The result has been panic and frenetic motion on the ground. Few even have an idea how many people are displaced in Idlib because of the constant movement. “There is a number but it is changing,” says Shaza Barakat, a Syrian opposition politician, who we run into at the Idlib stadium. “People are still displaced. But they are displaced from one place to another multiple times and we can’t keep track. Of course we don’t have enough resources to keep up with them.”

Displacement offers little safety. Saleh Ahmed Taish, 42, had owned a fish farm in rural Hama province, investing thousands of dollars to build a successful business for himself, his wife, and three children. They fled to Idlib about a year ago, fleeing a ground and air offensive backed by Russia and Iran. They wound up among six families at a chicken farm outside the town of Maarat Misrin, living in a tent and cooking outdoors.

The first airstrike came early on Thursday morning at around 2am, when everyone was asleep. “There were aeroplanes,” says Taish recovering from grave wounds to his head and torso at a hospital in Idlib. “Then everything caved in.”

A neighbour pulled him to safety. Then another airstrike struck, killing the good samaritan, and at least 15 others.

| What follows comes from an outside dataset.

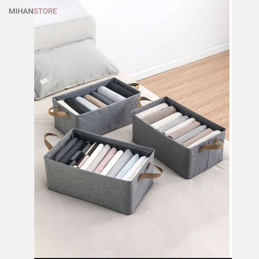 باکس لباس و شلوار داخل کمد یک جعبه پارچه ای بسیار مقاوم اما سبک و کم حجم به شکل مستطیل با ابعاد طول 40، عرض 25 و ارتفاع 24 سانتی‌متر می‌باشد که دارای اسکلت داخلی جمع شونده است که علاوه بر حفظ شکل ظاهری باکس، استحکام بیشتری نیز ایجاد می‌نماید.  باکس لباس و شلوار داخل کمد با ارتفاع مناسبی که حین باز کردن آن وجود دارد می‌توان حجم قابل توجهی از لباس و پیراهن و شلوار را در داخل خود جای دهد.  در صورت عدم استفاده از این باکس لباس اسکلت دار هیچ محدودیتی بابت جمع کردن و قرار دادن آن در جای مناسب نخواهید داشت و به گونه ای است که به راحتی تا می‌شود و می‌توانید آن را در کشو و قفسه بگذارید.  همچنین جنس پارچه ای ضخیم با قابل شستشو، مقاومت در برابر چروک، ساییدگی، پوسیدگی و تغییر رنگ از دیگر محسنات این باکس است. جنس این کالا پارچه برزنتی درجه یک ضخیم می باشد.

His son survived the attack with serious injuries. His wife, two daughters, father and mother died, but neither the doctors nor his relatives have the heart to tell him, for fear it would jeopardise his chances of recovery. He refuses to sleep, despite being implored by his doctors and brothers and cousins at his bedside.

“My son was here, but now he’s OK,” he says. “When I see the rest of my family I can finally rest.”